##### Extracted records #####

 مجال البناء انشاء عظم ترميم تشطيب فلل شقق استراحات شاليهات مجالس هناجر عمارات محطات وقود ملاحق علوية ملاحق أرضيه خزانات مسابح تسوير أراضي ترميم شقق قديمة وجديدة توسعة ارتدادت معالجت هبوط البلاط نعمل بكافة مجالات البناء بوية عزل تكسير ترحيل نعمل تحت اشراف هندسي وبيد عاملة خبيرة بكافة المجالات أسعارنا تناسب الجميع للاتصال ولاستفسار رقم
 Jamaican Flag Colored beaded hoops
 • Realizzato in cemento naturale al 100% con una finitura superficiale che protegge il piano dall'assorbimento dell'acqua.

#####
##### Extracted records #####

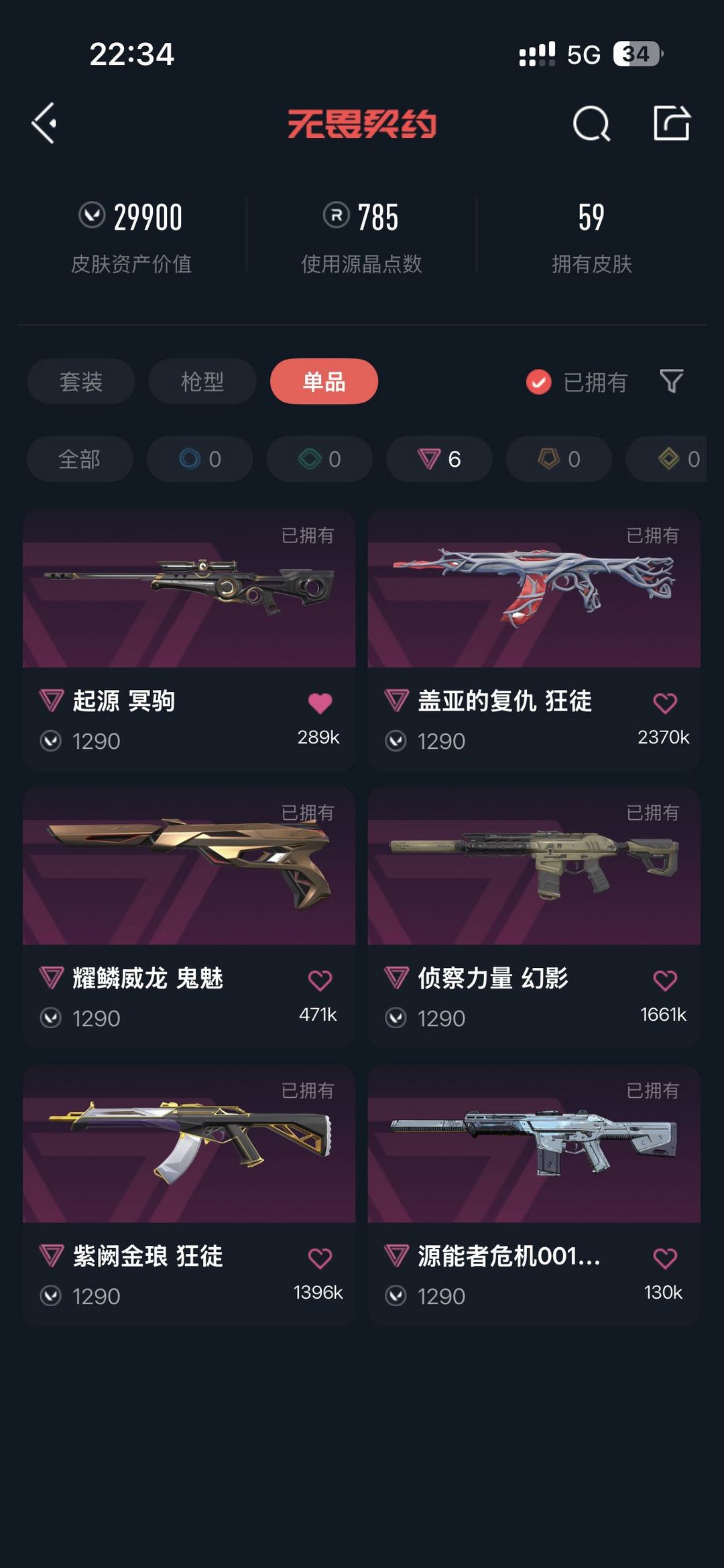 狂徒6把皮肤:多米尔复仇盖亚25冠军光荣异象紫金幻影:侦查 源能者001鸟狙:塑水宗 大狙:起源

#####

Work required: Please give back exactly the lines of the listing above that run from the one containing "Jamaican Flag Colored beaded hoops" through the one containing "piano dall'assorbimento dell'acqua.", and only those.

Written answer:
 Jamaican Flag Colored beaded hoops
 • Realizzato in cemento naturale al 100% con una finitura superficiale che protegge il piano dall'assorbimento dell'acqua.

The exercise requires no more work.